The dialogue is nothing exceptional — bordering on cheesy. With gems like “I’m not known, I’m influential.” and “Oh I remember, she’s from when your mom ran off on you and your dad,” forced exposition abounds. This isn’t an exclusively Gossip Girl problem, however, many reboots need to allude to their source material and pack a lot of information in dialogue.
But this reboot attempts to retcon and praise its predecessor simultaneously. Pointing out the flaws of the original series is an overused tactic, trying to prove its growth. Yes, it was far-fetched that a high schooler’s poem was published in The New Yorker — please don’t dwell on it. But the heavy-handed original series references serve as a reminder of a much better show that you could be watching instead.

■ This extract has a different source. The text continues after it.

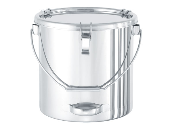 水や原料等を流しやすいよう、下部に取っ手を付けたステンレス容器

The show is not without its joys, however. Racial and sexual diversity is a delightful addition to a homogenous predecessor. In addition, the significant change from Gossip Girl being a blog to an Instagram account helped refresh the show for a new generation. Reprising her role as the titular omniscient internet goddess, Kristen Bell delights with her sensual catty, lilting voice — perfectly revealing each scandal. The actors are also great — though the cliche dialogue stunts their capabilities. With all its faults, however, Gossip Girl 2.0 is still captivating.
Grab a seat on the Met steps, or at least your bed, and be ready for self-aware decadence and infuriating plotlines. Why did they choose to reboot and downgrade a classic trashy teen soap? That’s a secret they’ll never tell. But, you know you’ll love it. Xoxo Gossip Girl.